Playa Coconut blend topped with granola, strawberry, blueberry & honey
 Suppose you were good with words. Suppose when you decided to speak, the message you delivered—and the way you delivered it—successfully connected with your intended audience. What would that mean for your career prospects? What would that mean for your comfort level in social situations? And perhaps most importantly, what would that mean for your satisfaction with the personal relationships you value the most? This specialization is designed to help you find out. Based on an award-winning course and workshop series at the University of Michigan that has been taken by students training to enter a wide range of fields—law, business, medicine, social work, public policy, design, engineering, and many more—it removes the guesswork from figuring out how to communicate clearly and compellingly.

...

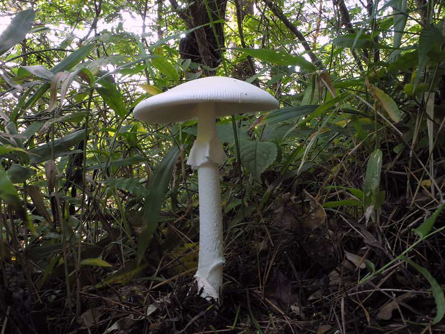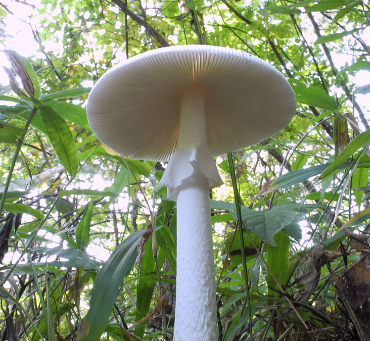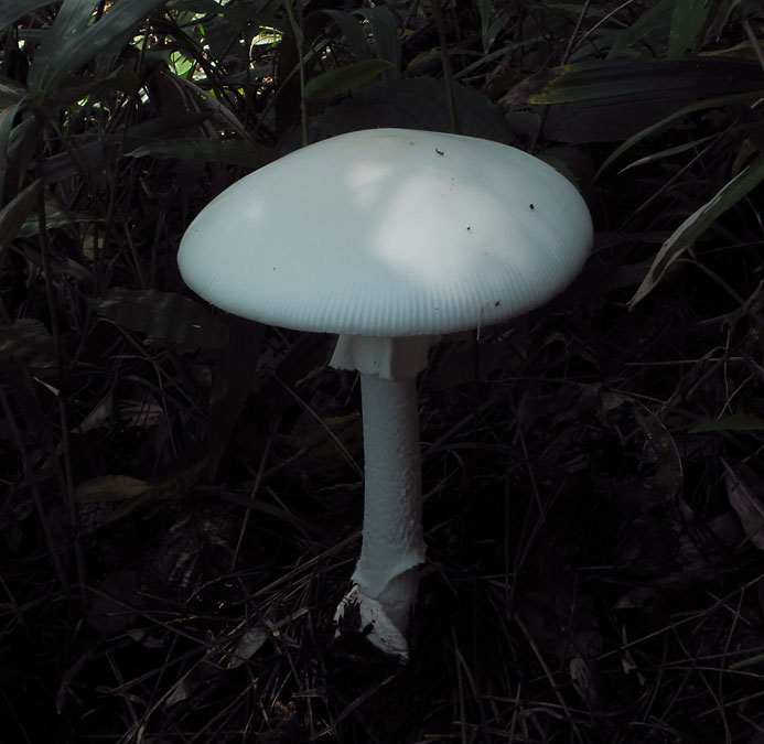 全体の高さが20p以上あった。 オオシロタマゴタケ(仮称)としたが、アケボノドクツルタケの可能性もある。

* * *

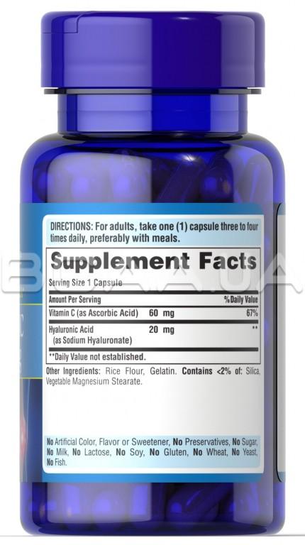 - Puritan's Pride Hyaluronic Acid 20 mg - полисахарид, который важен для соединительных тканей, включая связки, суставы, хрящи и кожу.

» **YOUR ASSIGNMENT**: Within the material above, the line with "Playa Coconut blend" opens the range and the line with "Suppose you were" closes it; reproduce that range word for word.

» **SOLUTION BELOW**:
Playa Coconut blend topped with granola, strawberry, blueberry & honey
 Suppose you were good with words. Suppose when you decided to speak, the message you delivered—and the way you delivered it—successfully connected with your intended audience. What would that mean for your career prospects? What would that mean for your comfort level in social situations? And perhaps most importantly, what would that mean for your satisfaction with the personal relationships you value the most? This specialization is designed to help you find out. Based on an award-winning course and workshop series at the University of Michigan that has been taken by students training to enter a wide range of fields—law, business, medicine, social work, public policy, design, engineering, and many more—it removes the guesswork from figuring out how to communicate clearly and compellingly.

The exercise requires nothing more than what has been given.